__Assignment__. Below are some records. Return exactly their lines from the one containing "Women Tops V-Neck" through the one containing "[ºÙÀÓ1]¼ö¿µ±¸ À°¾ÆÁ¾ÇÕÁö¿ø¼¾ÅÍ Ã¤¿ë°ø°í¹®(ºÐ¼Ò", and drop the pictures.

--- Task data Enclosed Below ---

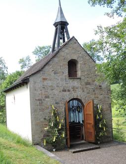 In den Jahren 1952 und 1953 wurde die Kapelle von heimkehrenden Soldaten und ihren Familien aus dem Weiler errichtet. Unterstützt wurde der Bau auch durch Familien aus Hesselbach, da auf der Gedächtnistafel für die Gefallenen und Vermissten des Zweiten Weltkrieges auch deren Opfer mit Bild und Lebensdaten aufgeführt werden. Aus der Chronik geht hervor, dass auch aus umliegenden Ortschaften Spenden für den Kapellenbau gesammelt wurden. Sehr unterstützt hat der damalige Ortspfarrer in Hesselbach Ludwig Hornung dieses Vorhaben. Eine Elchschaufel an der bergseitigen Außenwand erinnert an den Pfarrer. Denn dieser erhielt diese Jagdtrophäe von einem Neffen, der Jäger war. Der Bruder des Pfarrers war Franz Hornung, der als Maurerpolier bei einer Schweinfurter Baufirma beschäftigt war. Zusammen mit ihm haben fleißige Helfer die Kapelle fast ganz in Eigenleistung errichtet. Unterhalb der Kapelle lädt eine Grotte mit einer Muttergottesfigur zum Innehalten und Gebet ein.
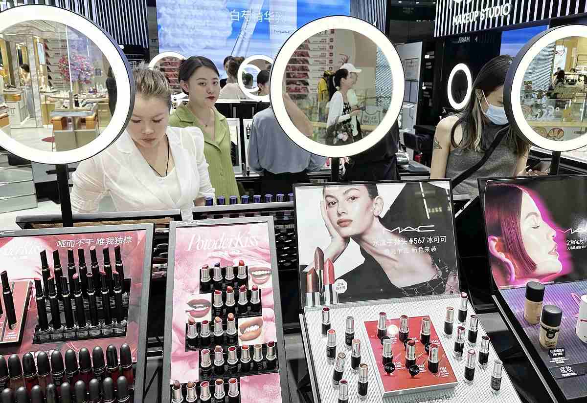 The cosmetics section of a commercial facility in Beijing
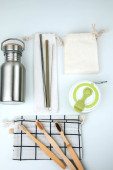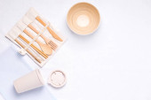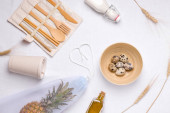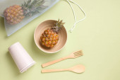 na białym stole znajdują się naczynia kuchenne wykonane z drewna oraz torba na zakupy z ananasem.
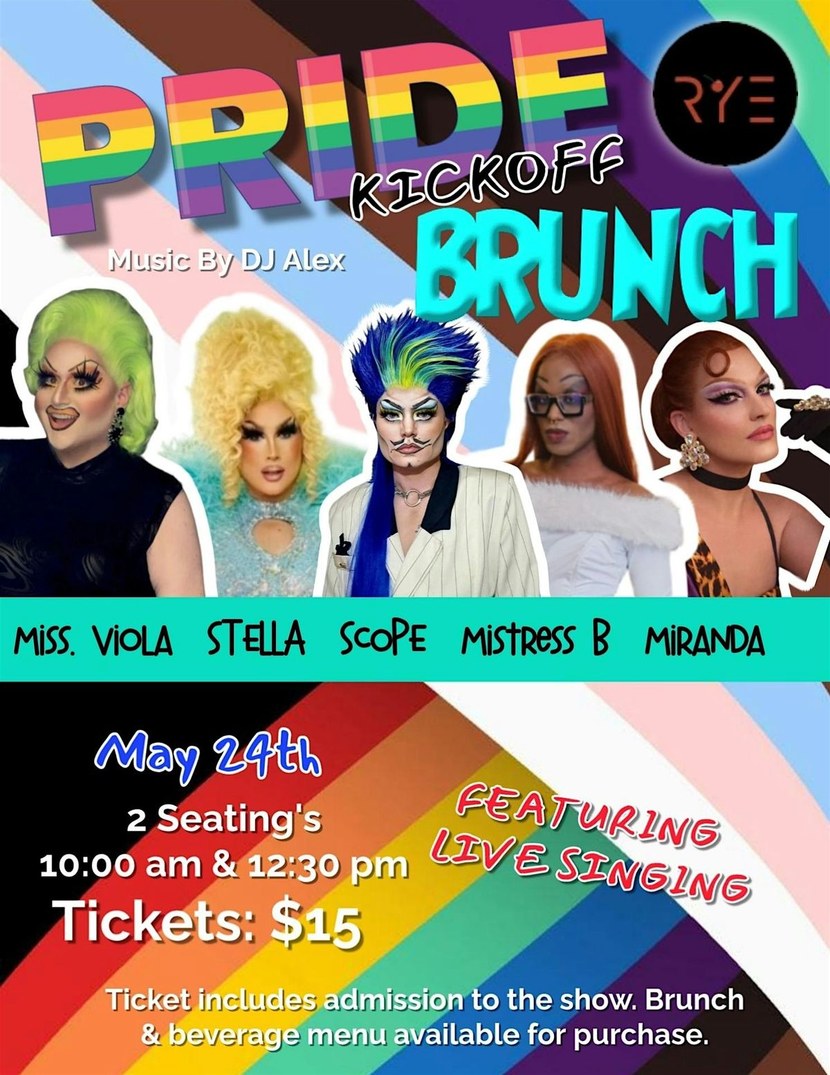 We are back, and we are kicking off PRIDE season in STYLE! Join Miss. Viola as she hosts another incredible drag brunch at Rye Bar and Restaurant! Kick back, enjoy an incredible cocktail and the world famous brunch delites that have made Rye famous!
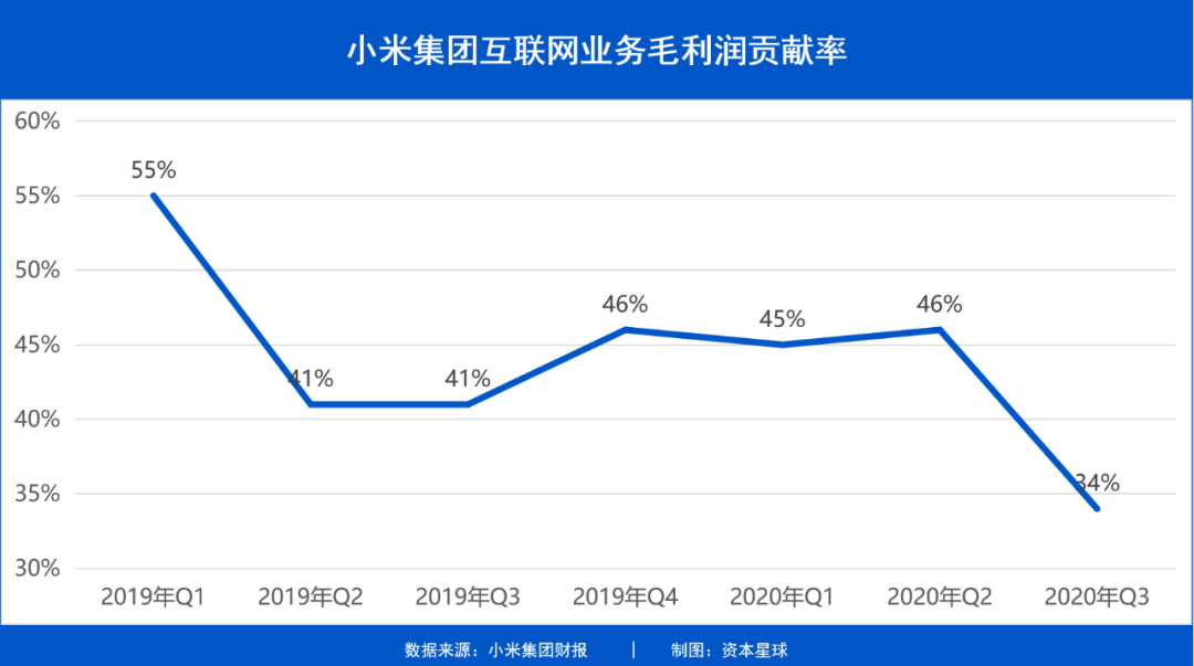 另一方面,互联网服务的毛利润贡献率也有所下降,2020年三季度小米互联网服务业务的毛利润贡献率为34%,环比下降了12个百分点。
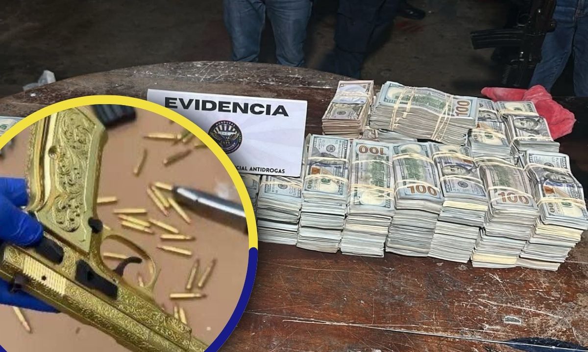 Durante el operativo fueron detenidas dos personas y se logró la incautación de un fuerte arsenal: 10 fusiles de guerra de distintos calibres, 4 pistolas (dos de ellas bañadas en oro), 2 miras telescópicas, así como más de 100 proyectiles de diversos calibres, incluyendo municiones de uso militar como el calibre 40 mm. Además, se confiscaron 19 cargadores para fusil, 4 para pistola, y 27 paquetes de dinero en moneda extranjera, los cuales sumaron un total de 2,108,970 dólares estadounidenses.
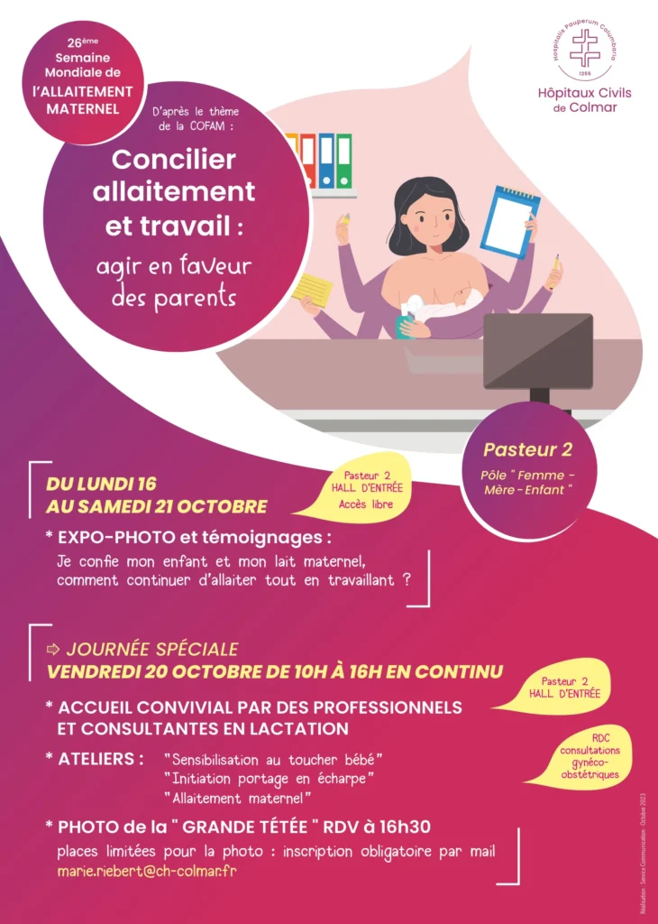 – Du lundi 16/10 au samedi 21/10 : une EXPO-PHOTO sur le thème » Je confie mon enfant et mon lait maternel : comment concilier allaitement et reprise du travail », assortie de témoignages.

--- End of Enclosed Task data ---
--- Task data Enclosed Below ---

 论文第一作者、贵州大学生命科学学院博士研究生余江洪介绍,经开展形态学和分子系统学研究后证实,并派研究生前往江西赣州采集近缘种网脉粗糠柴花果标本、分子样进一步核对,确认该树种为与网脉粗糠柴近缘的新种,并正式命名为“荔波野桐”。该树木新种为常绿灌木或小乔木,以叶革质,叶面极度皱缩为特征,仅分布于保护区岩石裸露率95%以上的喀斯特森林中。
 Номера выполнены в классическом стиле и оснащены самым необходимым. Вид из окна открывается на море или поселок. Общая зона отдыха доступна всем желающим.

--- End of Enclosed Task data ---
--- Task data Enclosed Below ---

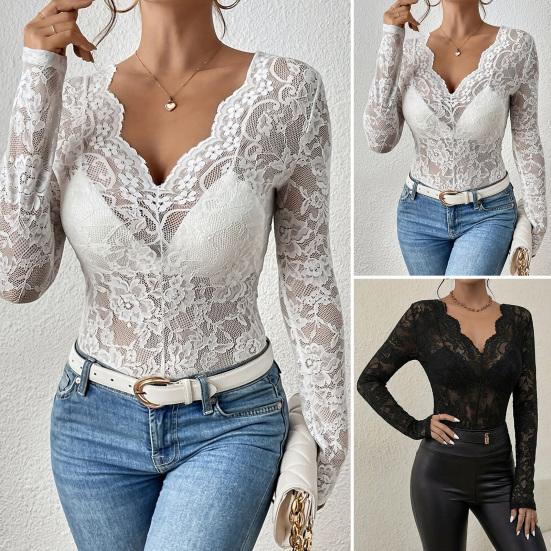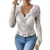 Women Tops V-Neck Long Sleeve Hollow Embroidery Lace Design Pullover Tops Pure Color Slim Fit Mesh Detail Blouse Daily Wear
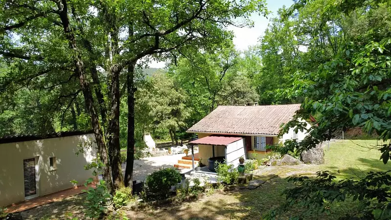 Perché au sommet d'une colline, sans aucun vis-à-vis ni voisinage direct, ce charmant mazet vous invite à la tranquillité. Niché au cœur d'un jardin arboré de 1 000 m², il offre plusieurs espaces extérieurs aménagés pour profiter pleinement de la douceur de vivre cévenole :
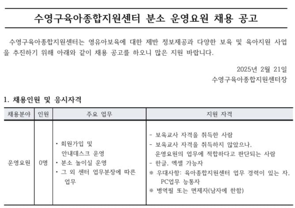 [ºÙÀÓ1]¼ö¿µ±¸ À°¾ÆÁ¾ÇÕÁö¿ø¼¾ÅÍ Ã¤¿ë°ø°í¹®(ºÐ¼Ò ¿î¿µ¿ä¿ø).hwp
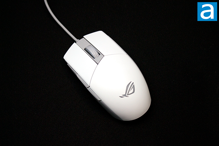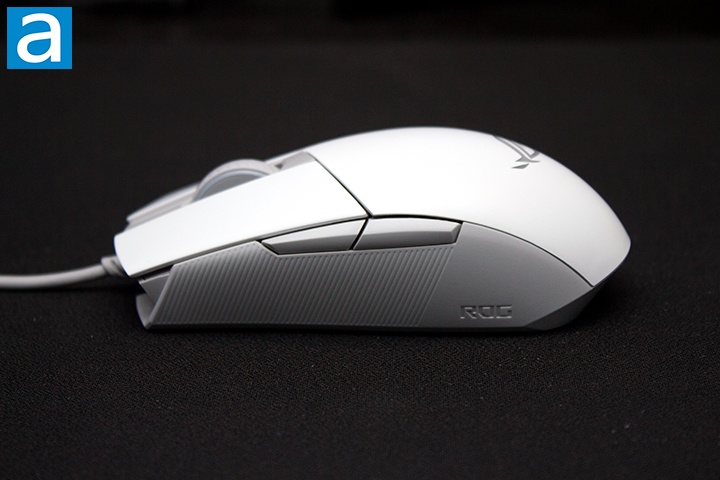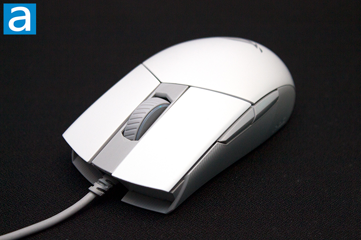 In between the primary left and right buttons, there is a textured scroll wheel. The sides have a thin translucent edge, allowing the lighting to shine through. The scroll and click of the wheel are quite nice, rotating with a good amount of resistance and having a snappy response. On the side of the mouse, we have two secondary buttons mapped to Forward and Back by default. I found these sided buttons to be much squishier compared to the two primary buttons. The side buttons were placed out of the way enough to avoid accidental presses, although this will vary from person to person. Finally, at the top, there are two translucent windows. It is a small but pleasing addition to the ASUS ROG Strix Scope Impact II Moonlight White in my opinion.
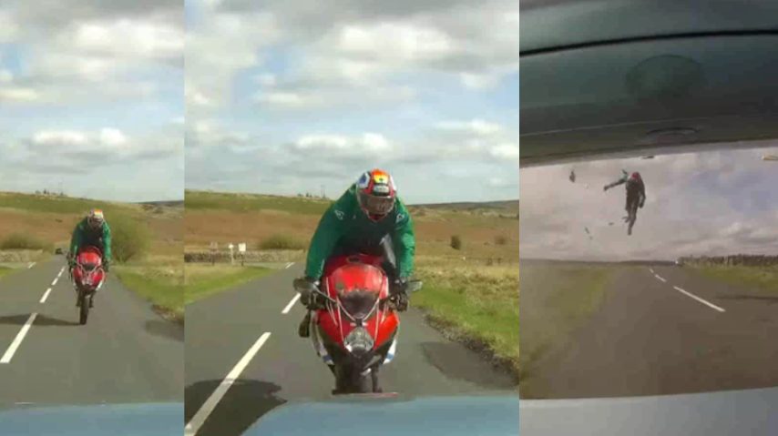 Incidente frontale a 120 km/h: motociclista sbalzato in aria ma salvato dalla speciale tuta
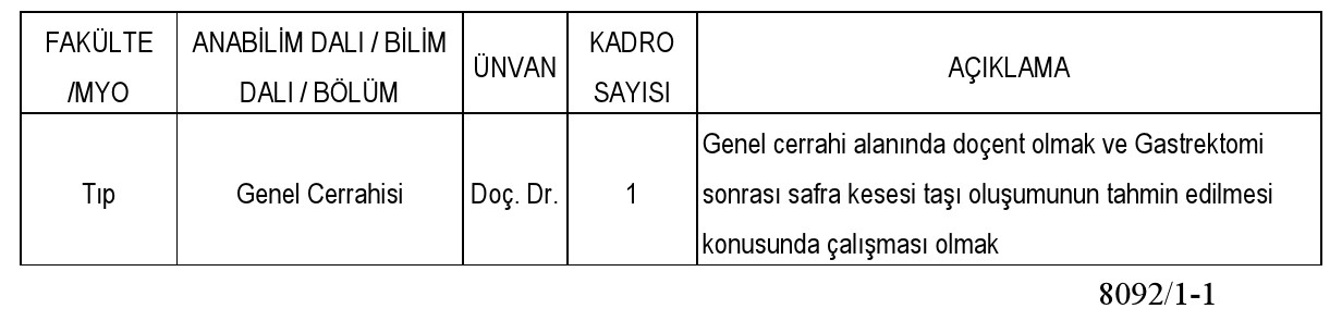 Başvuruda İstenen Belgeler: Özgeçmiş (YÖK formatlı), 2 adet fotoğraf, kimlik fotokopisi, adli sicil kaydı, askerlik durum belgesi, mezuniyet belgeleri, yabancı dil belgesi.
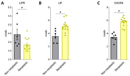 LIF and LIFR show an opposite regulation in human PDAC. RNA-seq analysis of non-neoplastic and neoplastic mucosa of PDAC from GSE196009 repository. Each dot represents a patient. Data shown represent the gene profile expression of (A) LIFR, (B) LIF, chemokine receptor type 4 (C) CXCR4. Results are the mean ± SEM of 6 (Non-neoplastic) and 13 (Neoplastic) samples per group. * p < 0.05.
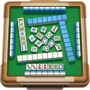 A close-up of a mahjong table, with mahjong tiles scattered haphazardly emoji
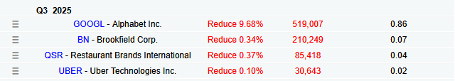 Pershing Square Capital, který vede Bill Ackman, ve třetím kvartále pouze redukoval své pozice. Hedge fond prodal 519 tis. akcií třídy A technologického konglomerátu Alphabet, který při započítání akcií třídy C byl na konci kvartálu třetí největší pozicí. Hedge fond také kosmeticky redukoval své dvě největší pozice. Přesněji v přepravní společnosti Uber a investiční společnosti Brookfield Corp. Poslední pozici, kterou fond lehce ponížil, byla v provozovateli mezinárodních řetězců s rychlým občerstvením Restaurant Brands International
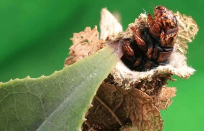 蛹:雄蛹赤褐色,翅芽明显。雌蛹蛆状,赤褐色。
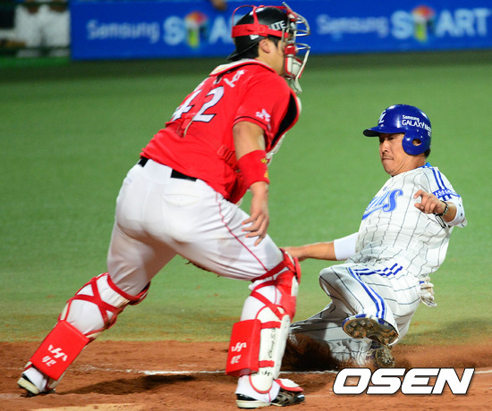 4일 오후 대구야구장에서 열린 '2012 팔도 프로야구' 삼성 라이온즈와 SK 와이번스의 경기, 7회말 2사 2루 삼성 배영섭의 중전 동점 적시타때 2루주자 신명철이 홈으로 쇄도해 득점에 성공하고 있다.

--- End of Enclosed Task data ---

__Final answer__.
 Women Tops V-Neck Long Sleeve Hollow Embroidery Lace Design Pullover Tops Pure Color Slim Fit Mesh Detail Blouse Daily Wear
 Perché au sommet d'une colline, sans aucun vis-à-vis ni voisinage direct, ce charmant mazet vous invite à la tranquillité. Niché au cœur d'un jardin arboré de 1 000 m², il offre plusieurs espaces extérieurs aménagés pour profiter pleinement de la douceur de vivre cévenole :
 [ºÙÀÓ1]¼ö¿µ±¸ À°¾ÆÁ¾ÇÕÁö¿ø¼¾ÅÍ Ã¤¿ë°ø°í¹®(ºÐ¼Ò ¿î¿µ¿ä¿ø).hwp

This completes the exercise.